My cognition is motivated by something else - by the desire to avoid infinities.
1) Sorry, I confused this with another problem; I meant some random guy.
2/3) Isn't how you decision process handles infinities rather important? Is there any corresponding theorem to the Von Neumann–Morgenstern utility theorem but without using either version of axiom 3? I have been meaning to look into this and depending on what I find I may do a top-level post about it. Have you heard of one?
edit: I found Fishburn, 1971, A Study of Lexicographic Expected Utility, Management Science. It's behind a paywall at http://www.jstor.org/pss/2629309. Can anyone find a non-paywall version or email it to me?

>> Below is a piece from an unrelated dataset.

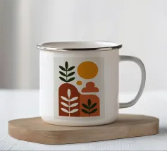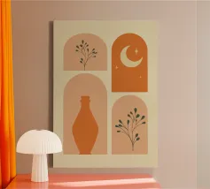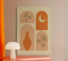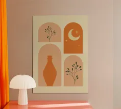 "An abstract botanical art wallpaper features stylized representations of plants and foliage using artistic shapes, flowing lines, and modern color palettes. Rather than realistic depictions, the desig"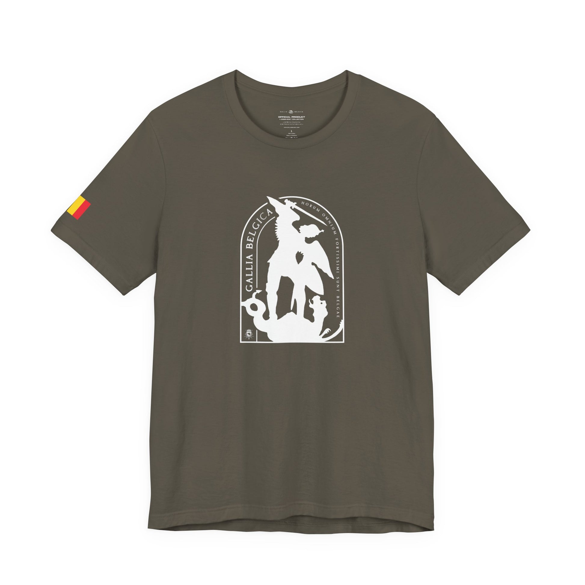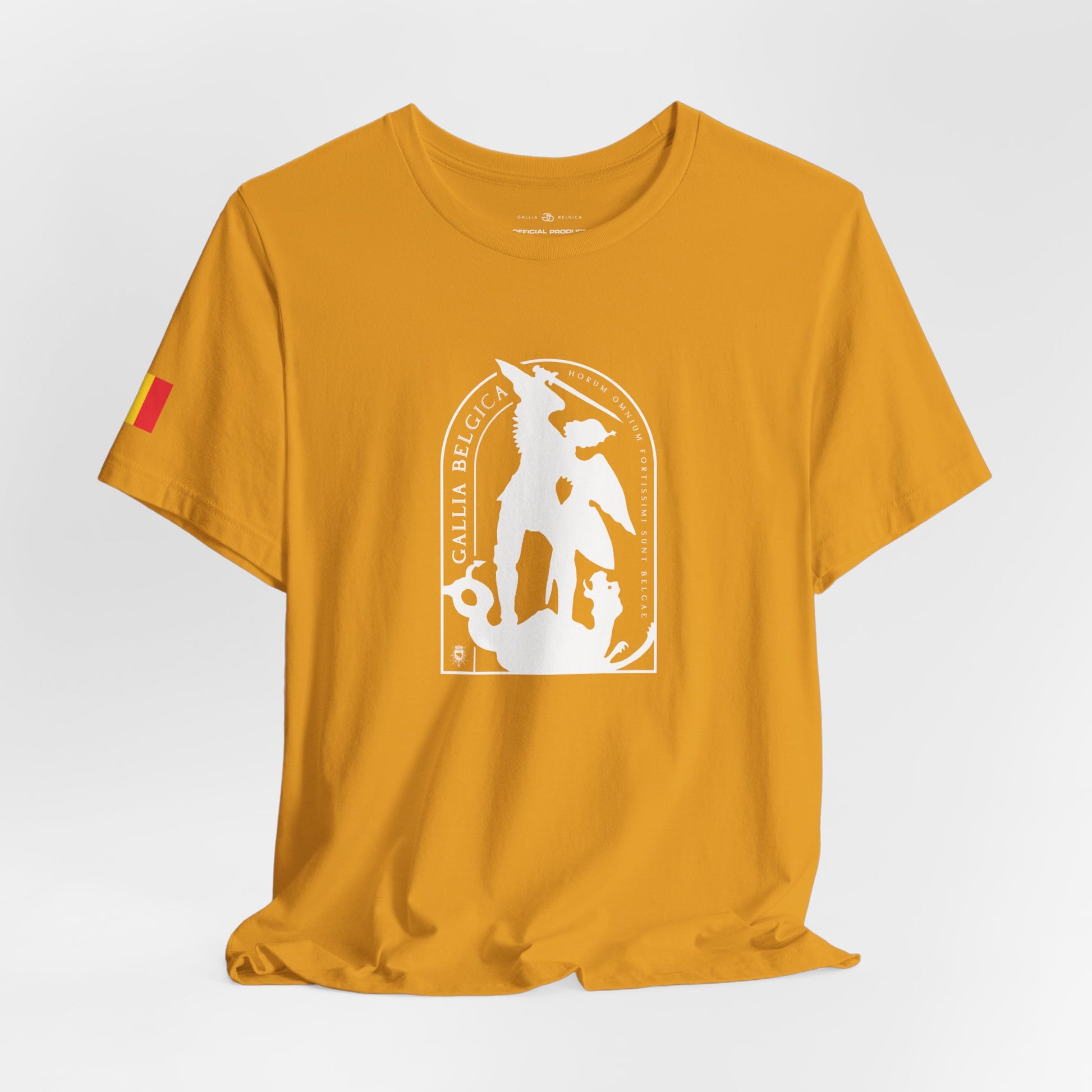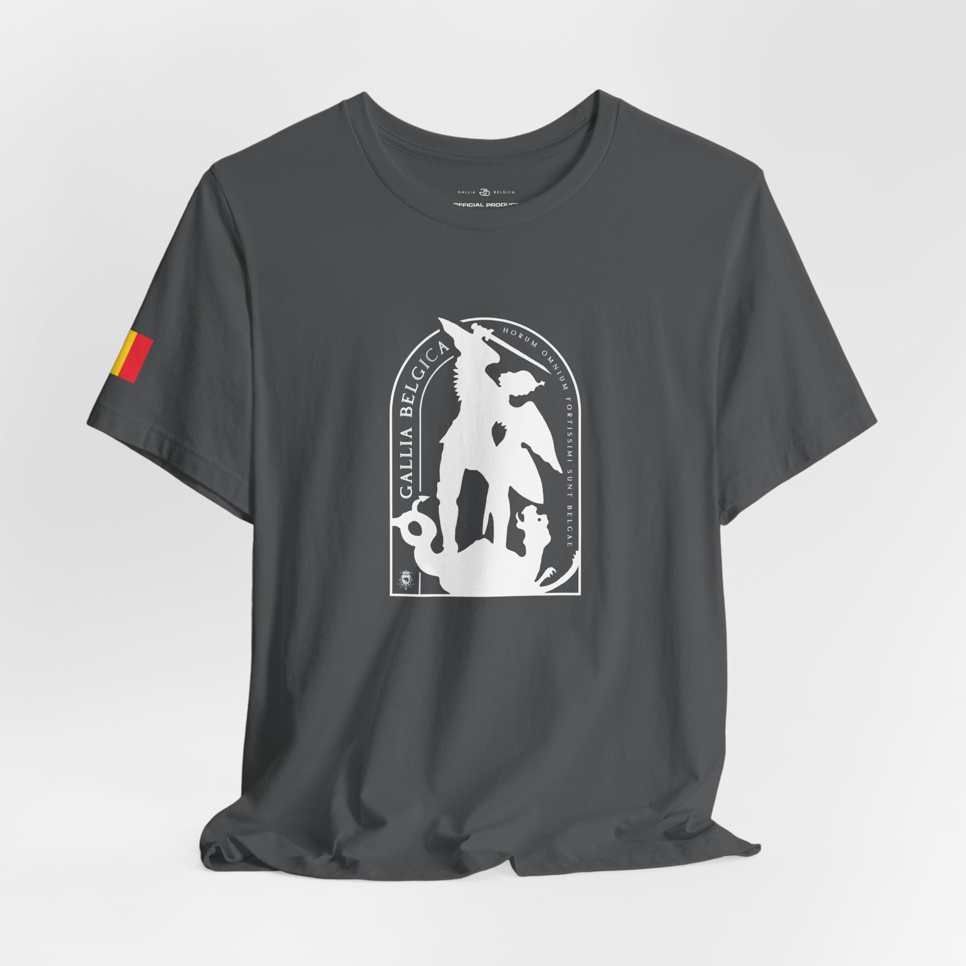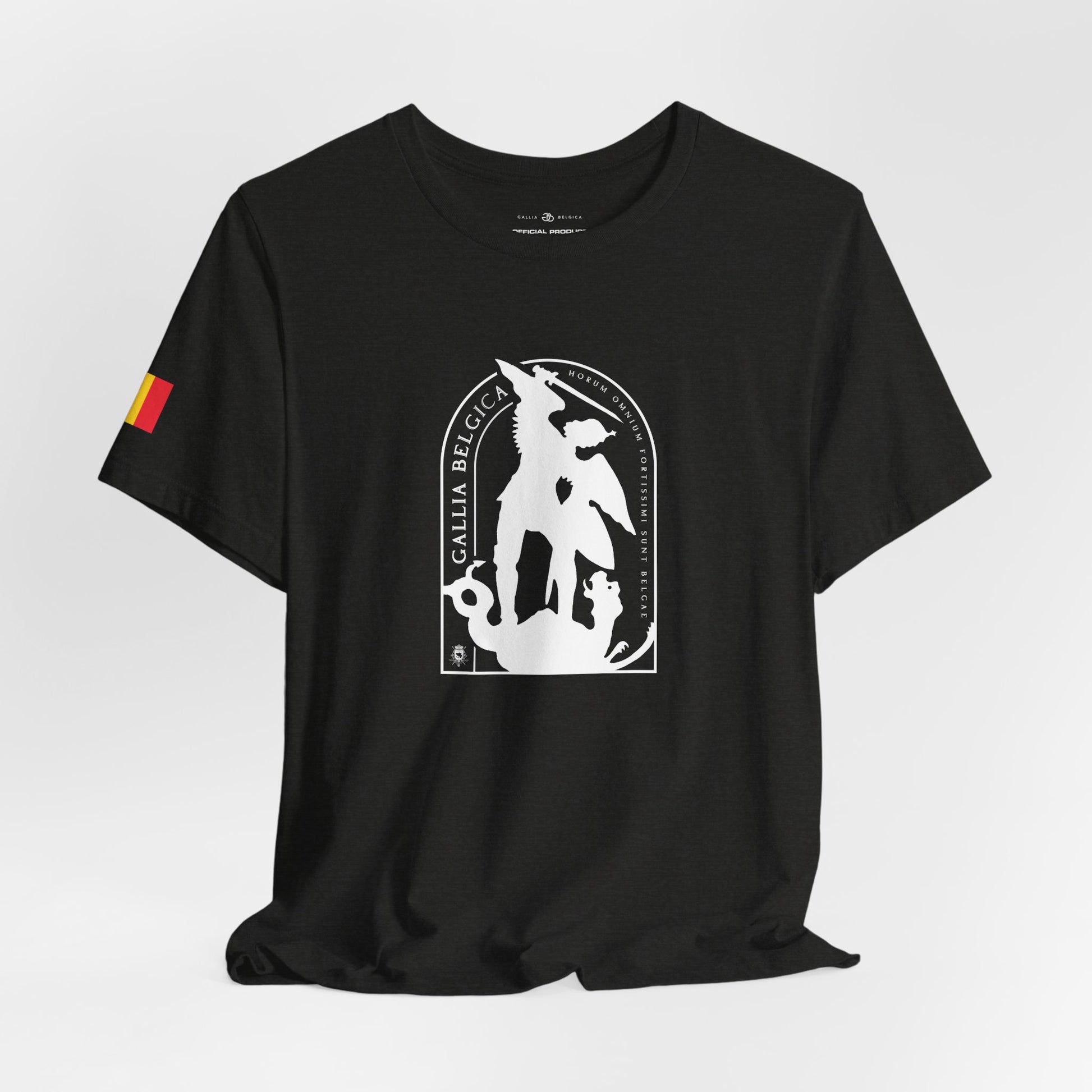 Defend the values of justice and strength with this iconic T-shirt. St-Michael, protector of Brussels, symbolizes the triumph of good over evil. He stand for guard over our city. Wear the badge of justice and strenght. It features a thin elasticated rib collar, side seams and double-needle stitching on sleeves and hem.

4) Yeah, my fourth one doesn't work. I really should have known better.
Sometimes, infinities must be made rigourous rather than eliminated. I feel that, in this case, it's worth a shot.
What worries me about infinities is, I suppose, the infinite Pascal's mugging - whenever there's a single infinite broken symmetry, nothing that happens in any finite world matters to determine the outcome.
This implies that all are thought should be devoted to infinite rather than finite worlds. And if all worlds are infinite, it looks like we need to do some form of SSA dealing with utility again.
This is all very convenient and not very rigorous, I agree. I cannot see a better way, but I agree that we should look. I will use university library powers to read that article and send it to you, but not right now.